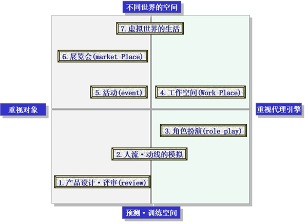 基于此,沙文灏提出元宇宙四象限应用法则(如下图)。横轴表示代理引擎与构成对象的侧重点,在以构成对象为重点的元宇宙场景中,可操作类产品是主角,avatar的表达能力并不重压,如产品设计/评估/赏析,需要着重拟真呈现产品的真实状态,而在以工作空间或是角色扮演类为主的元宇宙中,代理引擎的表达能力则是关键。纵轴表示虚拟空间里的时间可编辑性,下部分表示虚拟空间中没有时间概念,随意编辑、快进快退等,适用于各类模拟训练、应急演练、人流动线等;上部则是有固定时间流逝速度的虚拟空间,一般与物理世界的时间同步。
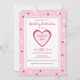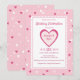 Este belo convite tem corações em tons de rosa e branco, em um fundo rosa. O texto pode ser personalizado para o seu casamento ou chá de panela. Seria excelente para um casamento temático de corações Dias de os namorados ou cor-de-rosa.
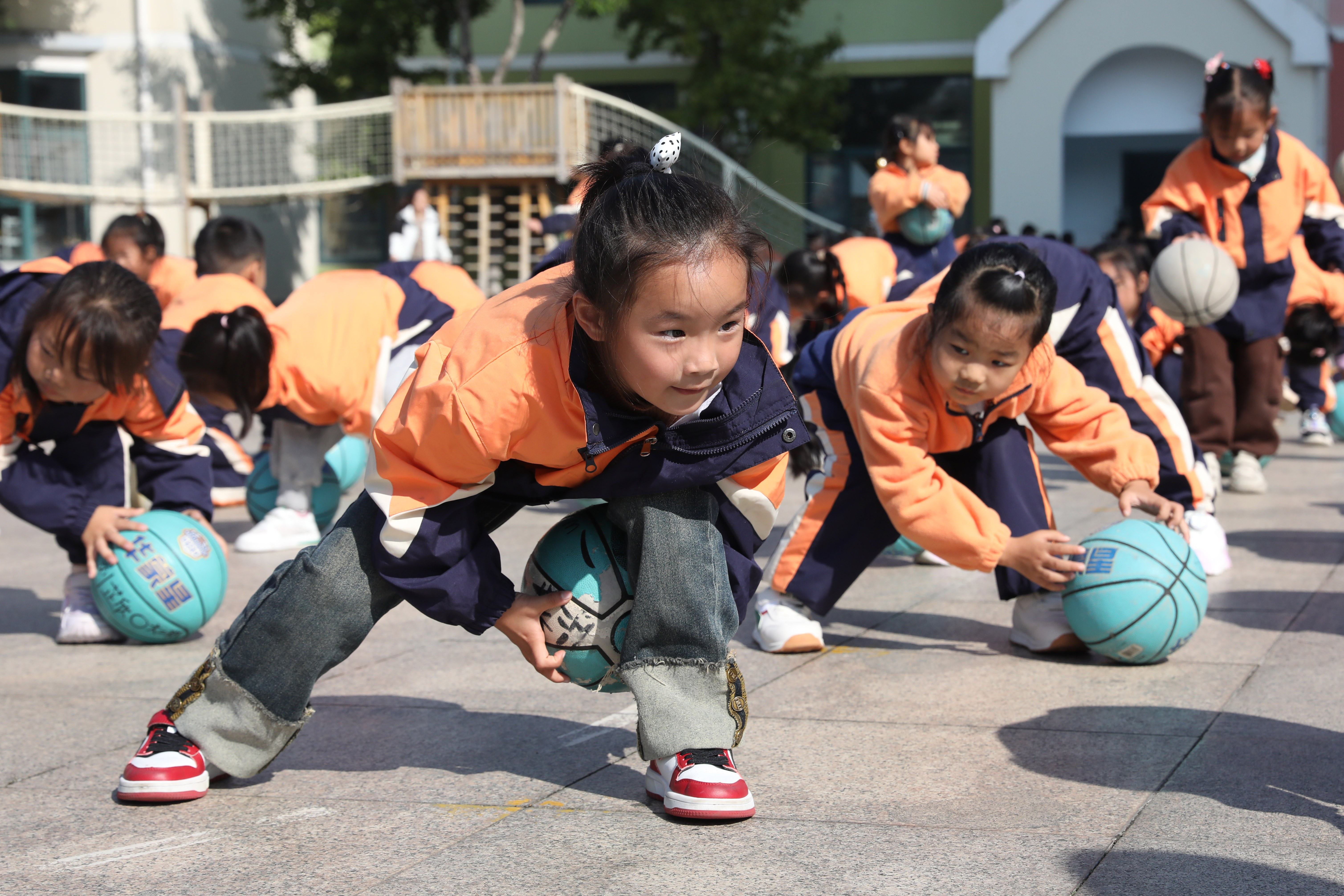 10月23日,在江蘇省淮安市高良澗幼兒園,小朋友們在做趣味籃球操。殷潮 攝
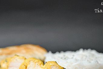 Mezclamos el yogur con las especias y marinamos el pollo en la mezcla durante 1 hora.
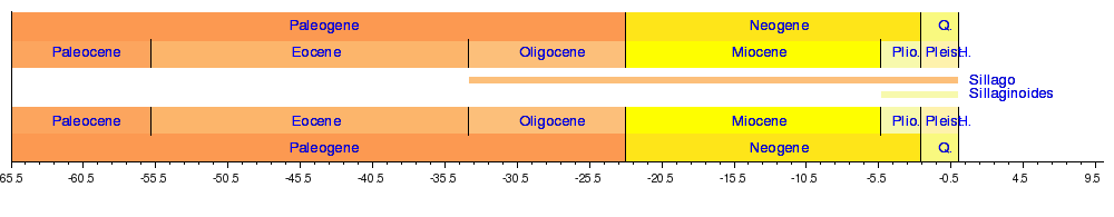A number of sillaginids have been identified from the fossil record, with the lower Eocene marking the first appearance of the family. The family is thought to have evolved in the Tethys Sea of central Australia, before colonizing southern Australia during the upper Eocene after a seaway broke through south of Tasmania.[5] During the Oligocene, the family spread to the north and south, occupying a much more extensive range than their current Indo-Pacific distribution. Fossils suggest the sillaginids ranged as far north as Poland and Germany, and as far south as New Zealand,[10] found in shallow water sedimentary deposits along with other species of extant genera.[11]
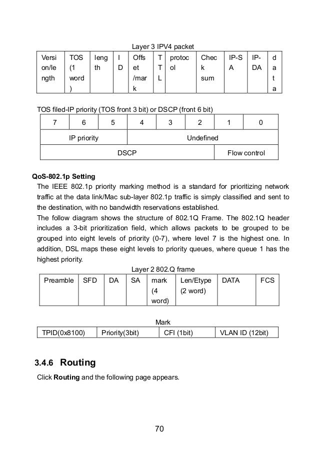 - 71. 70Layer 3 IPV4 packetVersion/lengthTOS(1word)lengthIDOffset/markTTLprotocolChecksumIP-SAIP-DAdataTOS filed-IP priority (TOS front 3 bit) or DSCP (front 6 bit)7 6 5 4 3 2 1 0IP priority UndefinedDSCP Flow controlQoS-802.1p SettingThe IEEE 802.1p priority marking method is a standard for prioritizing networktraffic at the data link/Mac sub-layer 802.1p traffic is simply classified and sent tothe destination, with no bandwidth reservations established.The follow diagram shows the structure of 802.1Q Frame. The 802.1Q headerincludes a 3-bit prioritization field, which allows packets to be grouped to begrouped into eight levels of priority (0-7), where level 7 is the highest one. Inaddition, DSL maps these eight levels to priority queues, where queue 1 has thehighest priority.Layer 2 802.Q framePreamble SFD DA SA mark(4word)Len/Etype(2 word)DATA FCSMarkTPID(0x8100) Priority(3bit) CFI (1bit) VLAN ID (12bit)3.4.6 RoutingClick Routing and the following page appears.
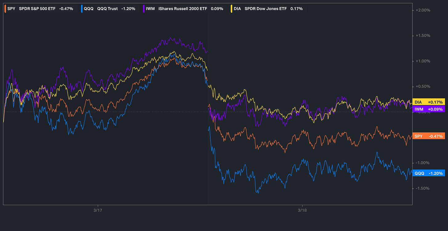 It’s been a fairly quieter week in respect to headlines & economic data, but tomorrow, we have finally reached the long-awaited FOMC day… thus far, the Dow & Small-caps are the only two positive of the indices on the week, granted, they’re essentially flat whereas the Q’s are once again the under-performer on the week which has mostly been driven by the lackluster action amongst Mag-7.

What the exercise asks – Restate the lines above from the one containing "Este belo convite" through the one containing "Mezclamos el yogur", inclusive, exactly and without pictures.

Response to this task –
 Este belo convite tem corações em tons de rosa e branco, em um fundo rosa. O texto pode ser personalizado para o seu casamento ou chá de panela. Seria excelente para um casamento temático de corações Dias de os namorados ou cor-de-rosa.
 10月23日,在江蘇省淮安市高良澗幼兒園,小朋友們在做趣味籃球操。殷潮 攝
 Mezclamos el yogur con las especias y marinamos el pollo en la mezcla durante 1 hora.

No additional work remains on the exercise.